Juvenile Justice spokesman Eric Rousey said the agency expects to bring more charges on some of the five arrested and against additional inmates as the investigation continues.
Visibly surprised by the news about the police chief vacancy, Finlay asked DJJ director Murray, “Do you think the fact that that position was unfilled for (2 1/2) years could have led to some of this rioting?”
“I would say that probably has contributed,” said Murray, who said the agency recently hired an interim, temporary police chief from SLED.
Murray said the police chief’s position has been advertised for five months. She also said the agency — which carried over more than $3 million into this year’s budget from last year — has suffered from high turnover and difficulty in recruiting officers.
Hiring woes also have plagued the state’s child welfare agency.

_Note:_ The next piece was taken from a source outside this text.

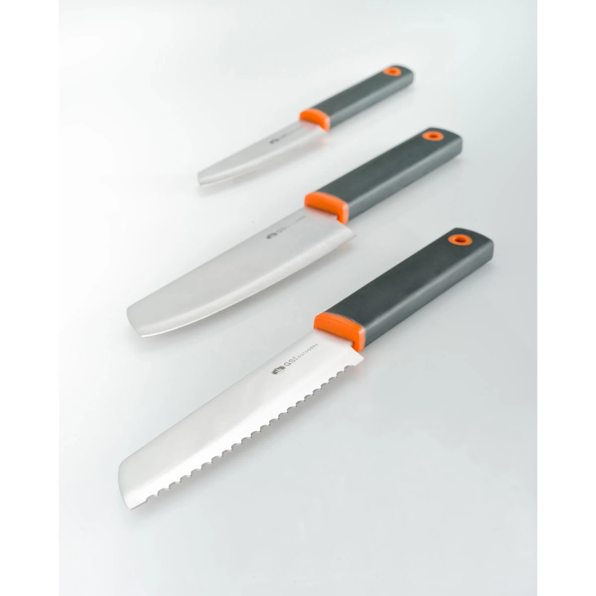 The GSI Santoku Knife Set includes a 4″ paring knife, 6″ santoku and 6″ serrated knife, a cutting board, bottle for soap and a two sided dish cloth to keep everything tidy. Weighing in at just under 2 pounds, this compact set included a nylon case to keep all your prep gear securely and neatly organized no matter where your knife skills are in high demand.

That agency’s director resigned after reports that children were falling through the cracks as caseworkers managed heavy caseloads, leading to poor morale and high turnover.
Murray became DJJ’s director in January 2015, after director Margaret Barber retired.
Murray offered lawmakers examples of steps the agency has taken to improve safety for inmates and officers, including:
Installing shatter-resistant glass, more razor-wire fences, tamper-proof plumbing and electrical fixtures, and better locks.
Creating a rapid-response team of correction officers to respond to emergencies.
Offering more overtime to increase staffing during the most vulnerable hours between 6 and 10 p.m., after inmates are out of school.
Murray said a new approach to housing also is underway that will group inmates based on their behavior: creating a dorm for well-behaved inmates, and other dorms for aggressive and rule-breaking inmates.
State Rep. Doug Brannon, a Spartanburg Republican and attorney, asked Murray about plans to isolate well-behaved inmates from violent ones.
Saying he represents some youths who end up at Juvenile Justice, Brannon asked how the agency would separate gang members. Brannon told Murray that he is “sending, sometimes involuntarily, children to your department and putting them in the middle of a gang war.”
Murray said a team would screen inmates and decide where they should be housed, adding, “You don’t want to put them together.”
The House panel agreed Thursday to ask the S.C. Legislative Audit Council to review the agency’s operations and finances for efficiency. The panel also will hold another hearing Wednesday on the agency.
Earlier this month, the panel sent a letter to the state inspector general detailing some allegations, including officers being instructed to downplay or not to report incidents involving inmates, and rapes being labeled as “inappropriate touching.”
Legislators did not ask about the rape allegations, and Murray was not available to comment after the hearing.
However, state Inspector General Patrick Maley said his agency would open a preliminary investigation focusing on allegations of false reporting of incidents.
Finlay told McKnight that many people who have provided the House panel with information about Juvenile Justice wish to remain anonymous. “They are afraid of retaliation,” Finlay said. “They are also afraid of favoritism within the department.”
Gazing at the Juvenile Justice administrators, Finlay asked McKnight, who plans to retire in April, to keep him posted on how that process goes. “(I)t would make me feel more comfortable to make certain that there wasn’t anything that we didn’t understand that, all of a sudden, prevented you from making that retirement date,” he said.
McKnight said corrections officers who work on the “front line” with the youthful inmates know nothing about the charges against those offenders.
However, Elizabeth Hill, a Juvenile Justice attorney, said that is not unusual. In adult prisons, she added, officers are not told what offenses inmates have committed. Hill said youth corrections officers take “universal precautions” because they understand the inmates are there for “serious offenses.”
But Finlay questioned that. “If you’re going to treat every child as if they are someone who may have perpetrated a serious offense, how could you possibly not have a police chief for two-and-a-half years?
“That belies the point that you are taking the security seriously.”